Relativity paradox

[Pete]

Please correct my naive understanding of your disagreeing positions. I am confused. If the train observer sees the rod and floor of the train straight and in full contact along their touching lengths, but the platform observer sees a crooked rod, then the platform observer must also see a crooked train too. Is that not the logical thing? The floor of the train must also appear crooked to the platform observer because the train observer testifies that the floor and rod touch all along their lengths while platform observer says the rod is bent. If rod appears bent to platform observer, and if train observer say that rod and floor touch everywhere along rod, then floor must follow rod shape for platform observer, making both rod and train appear bent to platform observer? Is something wrong with this logical conclusion from combining the meanings of your respective posts above? If correct, then both observers are correct that the rod is in contact with train floor perfectly all the contact lengths. The train observer sees the contact line as "straight". The platform sees the contact line as "bent". Both correct because full contact between rod and floor "seen" in both frames?

Hi Undefined,
My understanding is that:
- as measured in the train frame, the rod is parallel to the floor, and hits the floor all at the same time.
- as measured in the platform frame, the rod is at an angle to the floor, and hits the floor with one end first.

 

[Undefined]

Hi Undefined,
My understanding is that:
- as measured in the train frame, the rod is parallel to the floor, and hits the floor all at the same time.
- as measured in the platform frame, the rod is at an angle to the floor, and hits the floor with one end first.

Thankyou Pete. But what I asked Tach is to explain what he means by "measurement" when he talks about different frame perspectives and information used for measurement. The process of measurement inside proper frame are not measurement process from relative different remote frame. Please read my post again for what is confusing me when I read Tach's arguments using the word "measurement" as if the process was equivalently based in both frames. Tach will explain to me soon I hope. I will wait for that. Thankyou just same Pete.

 

[Pete]

Tach, I think we're making this much more complicated than it needs to be.
The essence of the problem comes down to two simple questions:

Do the ends of the rod strike the floor simultaneously in the train frame?
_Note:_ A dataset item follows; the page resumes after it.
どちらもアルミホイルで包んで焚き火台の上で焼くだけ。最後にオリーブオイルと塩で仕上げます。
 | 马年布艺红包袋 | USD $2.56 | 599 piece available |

Yes.
Do the ends of the rod strike the floor simultaneously in the platform frame? No.

You said this yourself back in post 81:

...the rod points hit the ground sequentially in the platform frame, as opposed to the train frame where all points are subjected to the reaction force simultaneously.

 

[eram]

Don't forget, Tach, the test of the rod falling in the train frame needs to match the top 20! In the train frame there is a specific elapsed time that it takes for that rod to travel, and a specific distance that it travels. I hate to break it to you, but that is gonna leave a mark!

Haha.

Not sure how this is gonna help lol

 

[Tach]

Tach, I think we're making this much more complicated than it needs to be.
The essence of the problem comes down to two simple questions:

Do the ends of the rod strike the floor simultaneously in the train frame? Yes.
Do the ends of the rod strike the floor simultaneously in the platform frame? No.

You need to take in the FULL context, I pointed out that the rod striking gradually the platform results into the deformation of the rod in the platform frame while there is no deformation in the car frame, a contradiction that you keep trying to sweep under the rug.
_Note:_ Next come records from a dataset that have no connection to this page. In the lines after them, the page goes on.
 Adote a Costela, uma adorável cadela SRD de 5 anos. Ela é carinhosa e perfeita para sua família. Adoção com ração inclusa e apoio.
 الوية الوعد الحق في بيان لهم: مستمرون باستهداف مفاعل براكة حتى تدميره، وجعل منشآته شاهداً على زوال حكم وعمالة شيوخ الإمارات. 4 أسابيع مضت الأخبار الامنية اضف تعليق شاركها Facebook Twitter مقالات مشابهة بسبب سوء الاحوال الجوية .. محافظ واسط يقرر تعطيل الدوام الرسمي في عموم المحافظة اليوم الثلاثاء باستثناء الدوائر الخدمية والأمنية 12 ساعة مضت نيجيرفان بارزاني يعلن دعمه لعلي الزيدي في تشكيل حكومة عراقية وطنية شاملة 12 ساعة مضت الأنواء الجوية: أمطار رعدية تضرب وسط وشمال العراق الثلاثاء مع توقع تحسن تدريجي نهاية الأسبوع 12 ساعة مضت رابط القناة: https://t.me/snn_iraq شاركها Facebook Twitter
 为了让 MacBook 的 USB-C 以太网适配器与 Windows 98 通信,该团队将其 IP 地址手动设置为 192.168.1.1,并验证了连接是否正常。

You said this yourself back in post 81:

A classical rookie error in solving relativity problems is the naive attempt at applying:

1. length contraction
2. time dilation
3. relativity of simultaneity

You have been given the correct solution, the problem is solved properly using Thomas precession. Feel free to continue using hacks.

 

[Tach]

I looked through those notes, and I actually couldn't find the formula you cited. Where in the notes is it? The closest formula I could find was

$$\phi=\gamma\tan^{-1}(\gamma \tan \theta)$$

$$y=tan(\theta)x$$ in frame S
$$y'=\gamma tan(\theta)x'$$ in frame S'

What does this tell you?

 

[Pete]

Tach,
Do the ends of the rod strike the floor simultaneously in the train frame?
Do the ends of the rod strike the floor simultaneously in the platform frame?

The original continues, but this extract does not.